A famous producer trying to show off while he was producing a salsa/latin band said to the recording engineer: "can we D.I. the congas?!.... I like the "pok" sound!..."
 
"your snare is killing me, it sounds like you're pounding a propane tank with a crescent wrench"... my brother said that to a local band's drumer who opened for us, after a show a couple years ago. The guy looked wounded as I pissed myself laughing.
 
Basketball bouncing off of a control room window. I think thats a kick on one of the Clearmountain disks. Pretty funny.
 
Frank'nfurter said:
Belive it or not. At a recording session few weeks ago the drummer ask me for a big mirror he needs in front of his drumset. "I even play better if I see myself playing" was his explanation. :loco: :loco:
I bet his girlfriend loves that.
 
I used to have my drums set up in my bedroom, right next to a mirror, since it was the only space big enough, and the mirror just so happened to be there. It really does help when you're watching what you're doing, at least it did for me. Guitar, however, it a totally different story.

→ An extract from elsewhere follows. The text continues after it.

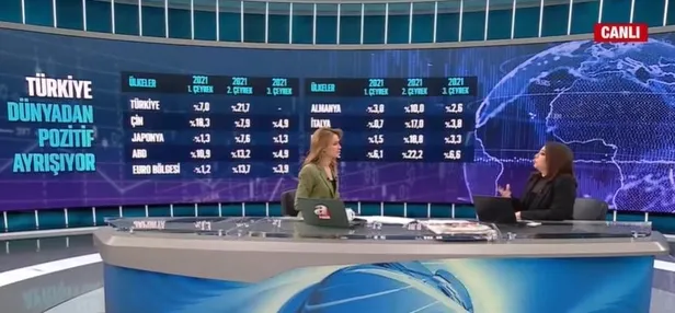 Büyüme rakamlarını değerlendiren A Para Yayın Koordinatörü Özlem Doğaner, Türkiye'nin dünyadan pozitif ayrıştığını belirtti. Doğaner, "Çin'de yüzde 4.9'luk büyüme oldu 3. çeyrekter, ABD'de de yüzde 4.9. İtalya'da 3.8, Fransa'da 3.3'lük Almanya'da 2.6'lık büyümeler var. Yüzde 7.4'lük büyüme oldukça önemli bir büyüme olarak karşımıza çıkıyor" dedi.

The funniest audio description ever, I feel can be found from The Grimoire:

Ajjatara - Iamfaggot (Spikefarm)
Nothing says “faggot” like a nice gay piano introducing a song, especially when it’s just one note at a time, as if some homo is jumping on a trampoline and every time he comes down his dick slaps a random piano key. As you may have guessed, this is incredibly gay black metal, further queerified by the hal-assed screechy vocals that are combined with dance-club anal-cavity vocals. These musicians are as confused about which style of music they are playing as they are about their sexuality. If you happen to see them at the next faggot party, tell them that dicks should only be inserted into women, and see if that helps them make a better album.